- GIVEN INFORMATION:
******

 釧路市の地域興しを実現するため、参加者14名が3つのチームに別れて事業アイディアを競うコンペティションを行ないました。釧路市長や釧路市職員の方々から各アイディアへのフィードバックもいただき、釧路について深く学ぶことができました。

******

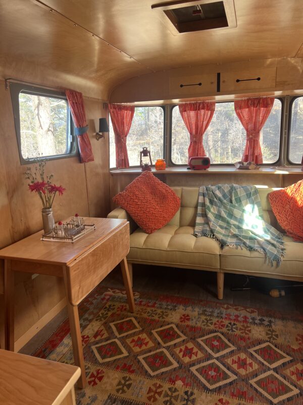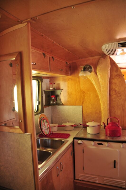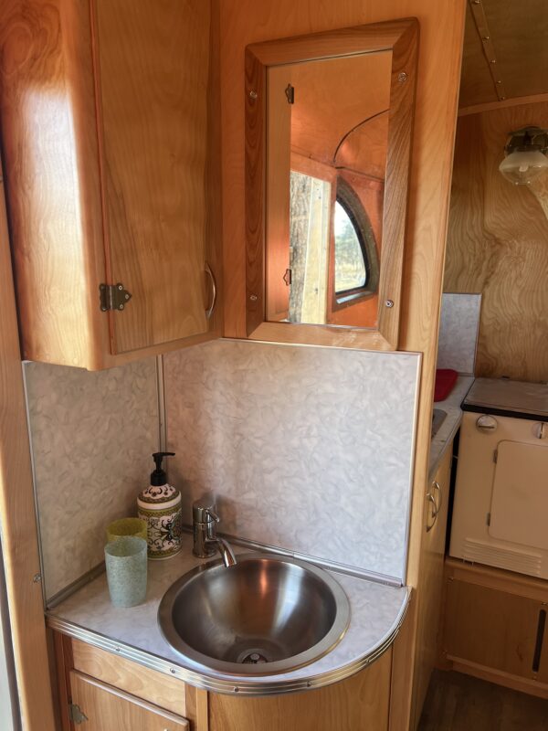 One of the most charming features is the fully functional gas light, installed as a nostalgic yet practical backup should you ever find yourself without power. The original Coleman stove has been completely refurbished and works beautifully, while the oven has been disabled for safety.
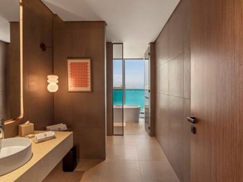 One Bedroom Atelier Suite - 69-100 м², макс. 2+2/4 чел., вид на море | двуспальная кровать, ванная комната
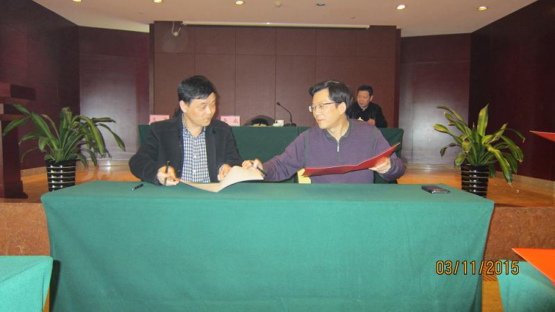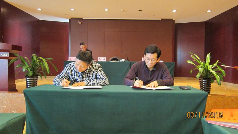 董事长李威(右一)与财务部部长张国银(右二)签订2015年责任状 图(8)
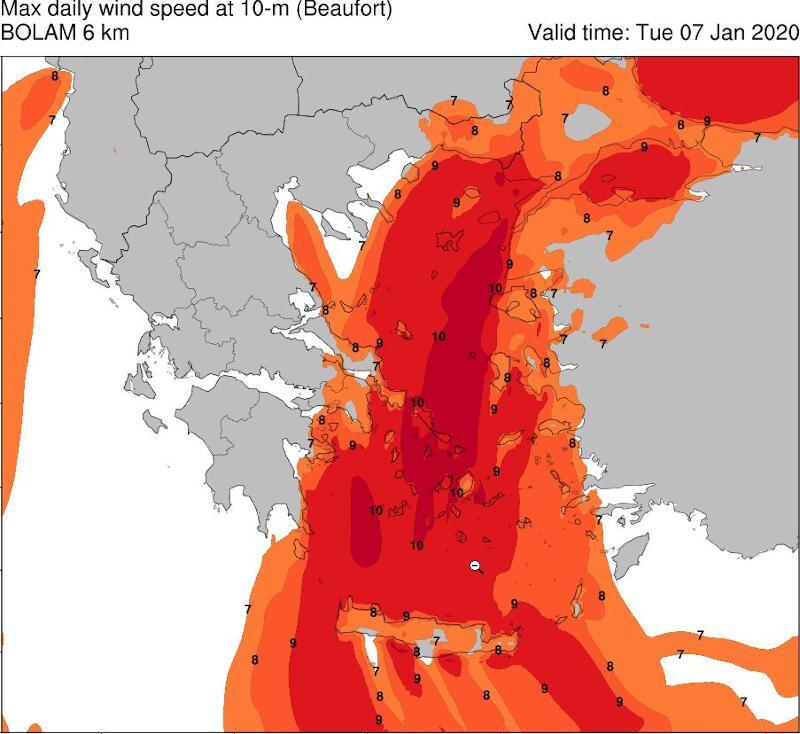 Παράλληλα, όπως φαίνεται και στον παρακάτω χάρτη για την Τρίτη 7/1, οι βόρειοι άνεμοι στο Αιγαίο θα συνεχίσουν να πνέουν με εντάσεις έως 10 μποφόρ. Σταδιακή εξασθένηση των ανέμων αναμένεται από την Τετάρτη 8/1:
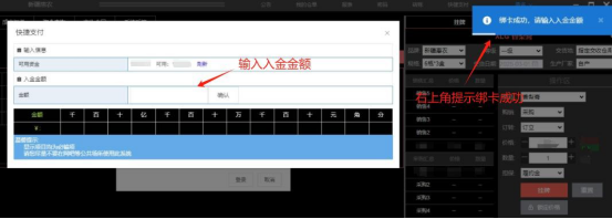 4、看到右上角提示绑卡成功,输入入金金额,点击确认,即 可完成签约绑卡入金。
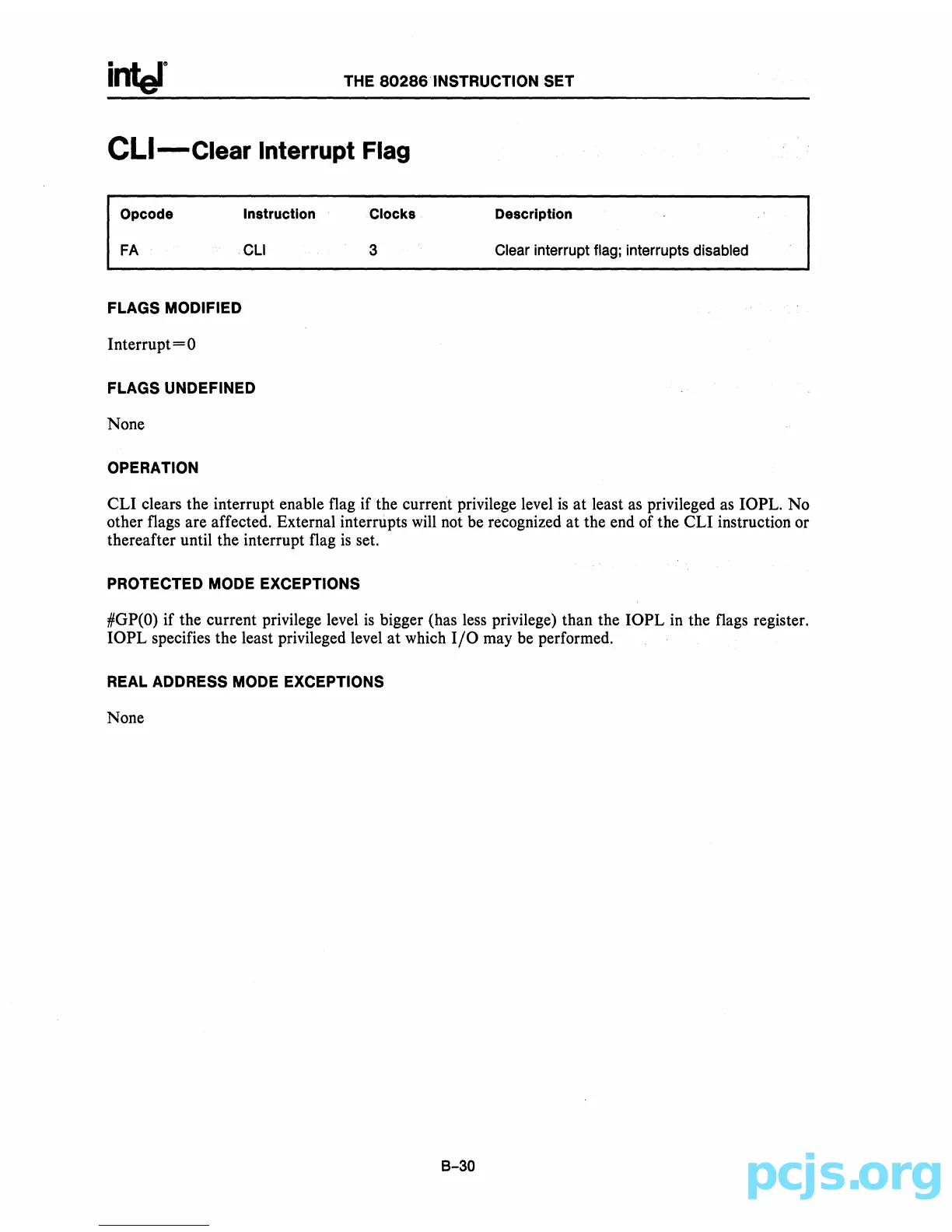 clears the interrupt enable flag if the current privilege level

******

- REQUIRED ACTION:
Above are the records; copy exactly the lines from the one with "4、看到右上角提示绑卡成功,输入入金金额,点击确认,即 可完成签约绑卡入金。" through the one with "clears the interrupt", including both, and nothing more. Leave out pictures.

- ANSWER FOR THIS EXERCISE:
 4、看到右上角提示绑卡成功,输入入金金额,点击确认,即 可完成签约绑卡入金。
 clears the interrupt enable flag if the current privilege level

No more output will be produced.